- _Description of the task_:
Reproduce the entries shown below only from the line with "and A4 size." down to the line with "Dragging to the left", keeping both end lines and copying each one exactly.
Source material Start Marker
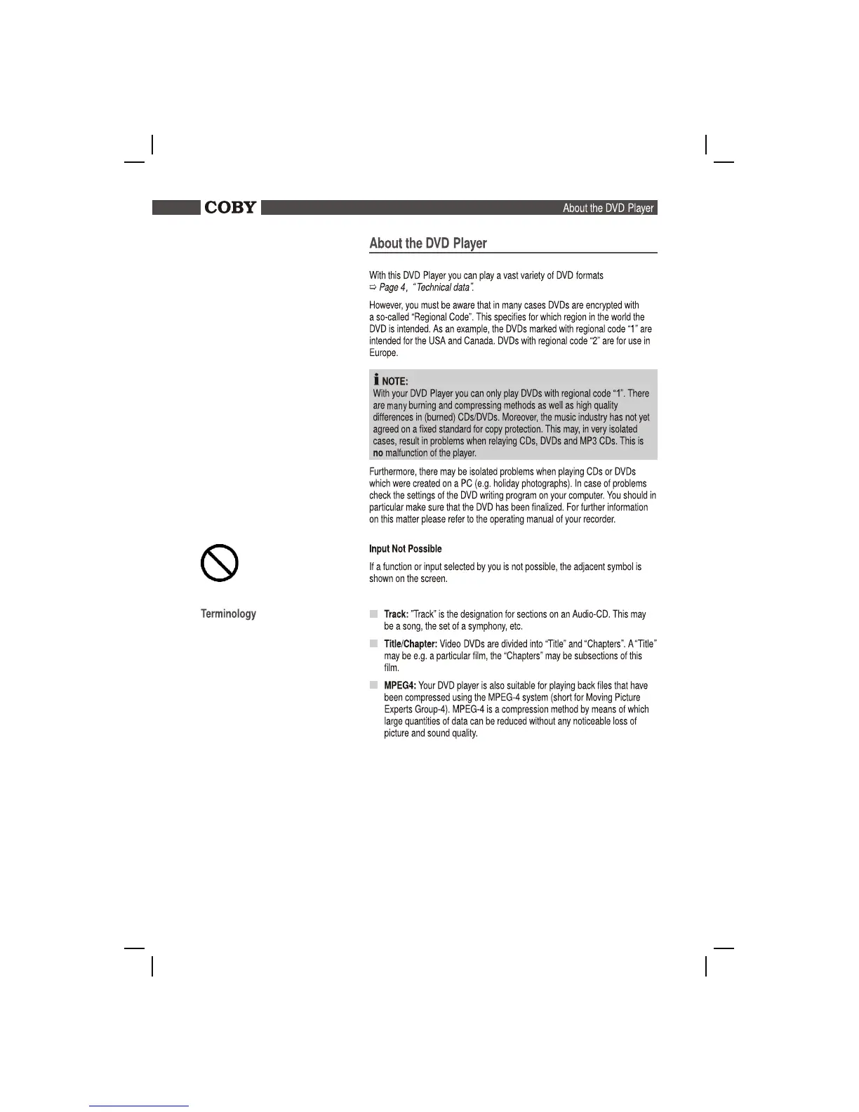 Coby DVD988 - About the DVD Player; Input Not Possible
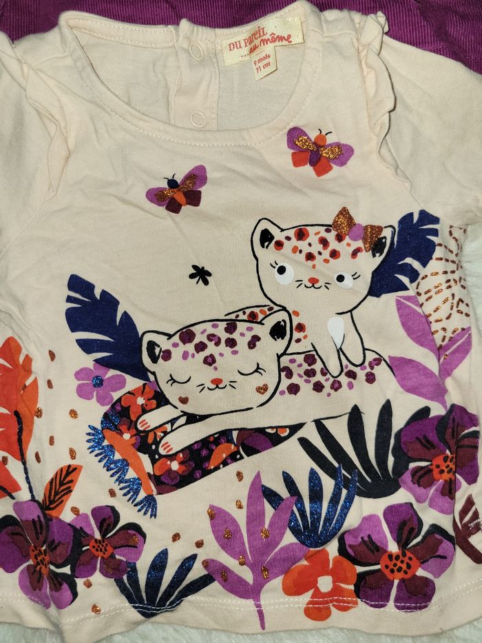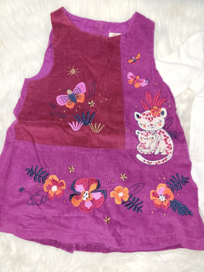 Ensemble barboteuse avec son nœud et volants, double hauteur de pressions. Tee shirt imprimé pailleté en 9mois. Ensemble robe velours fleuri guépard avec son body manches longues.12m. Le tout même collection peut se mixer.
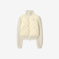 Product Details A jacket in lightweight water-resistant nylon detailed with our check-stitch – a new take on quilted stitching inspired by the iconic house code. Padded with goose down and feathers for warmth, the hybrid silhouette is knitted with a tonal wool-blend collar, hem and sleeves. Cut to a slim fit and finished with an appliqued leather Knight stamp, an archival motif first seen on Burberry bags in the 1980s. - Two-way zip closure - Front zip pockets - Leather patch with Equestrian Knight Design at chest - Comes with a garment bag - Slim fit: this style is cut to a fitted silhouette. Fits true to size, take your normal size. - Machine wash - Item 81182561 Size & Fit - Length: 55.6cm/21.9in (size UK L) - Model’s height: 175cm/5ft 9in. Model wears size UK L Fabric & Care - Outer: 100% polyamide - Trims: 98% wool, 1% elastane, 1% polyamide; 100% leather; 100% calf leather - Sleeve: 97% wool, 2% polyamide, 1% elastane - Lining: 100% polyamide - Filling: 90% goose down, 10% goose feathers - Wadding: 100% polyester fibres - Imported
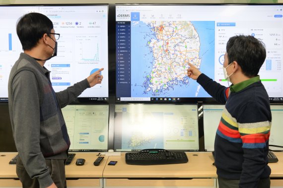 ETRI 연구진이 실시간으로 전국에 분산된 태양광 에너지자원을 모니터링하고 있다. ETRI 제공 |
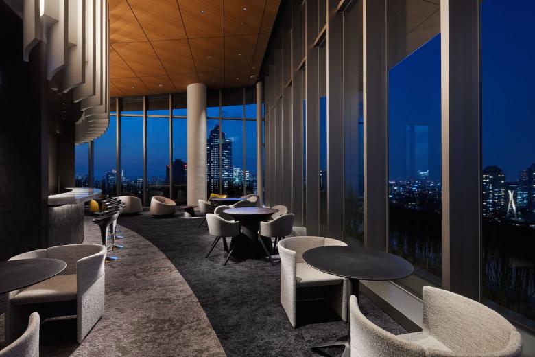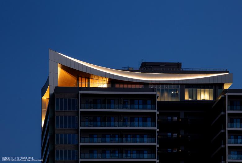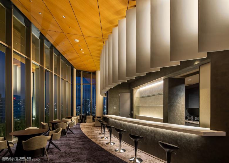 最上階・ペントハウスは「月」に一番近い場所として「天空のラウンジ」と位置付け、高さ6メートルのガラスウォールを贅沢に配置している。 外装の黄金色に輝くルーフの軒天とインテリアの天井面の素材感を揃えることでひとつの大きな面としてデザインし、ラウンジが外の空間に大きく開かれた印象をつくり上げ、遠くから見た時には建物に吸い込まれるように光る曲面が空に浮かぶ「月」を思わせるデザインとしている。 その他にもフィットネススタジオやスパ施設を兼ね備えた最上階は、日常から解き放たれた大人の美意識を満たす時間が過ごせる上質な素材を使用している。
Source material End Marker
Source material Start Marker
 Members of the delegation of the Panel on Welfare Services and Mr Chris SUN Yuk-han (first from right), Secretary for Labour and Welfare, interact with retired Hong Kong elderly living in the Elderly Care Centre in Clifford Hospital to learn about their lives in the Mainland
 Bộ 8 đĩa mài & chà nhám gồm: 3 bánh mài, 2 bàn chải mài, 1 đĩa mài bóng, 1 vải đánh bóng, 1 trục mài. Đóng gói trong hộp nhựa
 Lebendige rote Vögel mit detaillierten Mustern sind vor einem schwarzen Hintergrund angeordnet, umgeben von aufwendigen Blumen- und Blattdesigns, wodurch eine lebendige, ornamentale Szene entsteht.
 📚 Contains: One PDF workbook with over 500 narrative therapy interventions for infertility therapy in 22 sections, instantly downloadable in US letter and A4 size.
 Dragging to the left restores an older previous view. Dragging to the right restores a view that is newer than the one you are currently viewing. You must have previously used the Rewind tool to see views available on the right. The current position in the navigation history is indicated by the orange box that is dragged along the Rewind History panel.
Source material End Marker
Source material Start Marker
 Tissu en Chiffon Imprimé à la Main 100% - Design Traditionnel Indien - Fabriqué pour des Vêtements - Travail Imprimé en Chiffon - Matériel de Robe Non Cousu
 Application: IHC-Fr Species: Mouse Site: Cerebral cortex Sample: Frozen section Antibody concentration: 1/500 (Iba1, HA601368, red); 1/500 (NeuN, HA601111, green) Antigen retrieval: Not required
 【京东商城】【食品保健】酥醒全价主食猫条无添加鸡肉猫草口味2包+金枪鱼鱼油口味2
Source material End Marker
- _Answer to this exercise_:
 📚 Contains: One PDF workbook with over 500 narrative therapy interventions for infertility therapy in 22 sections, instantly downloadable in US letter and A4 size.
 Dragging to the left restores an older previous view. Dragging to the right restores a view that is newer than the one you are currently viewing. You must have previously used the Rewind tool to see views available on the right. The current position in the navigation history is indicated by the orange box that is dragged along the Rewind History panel.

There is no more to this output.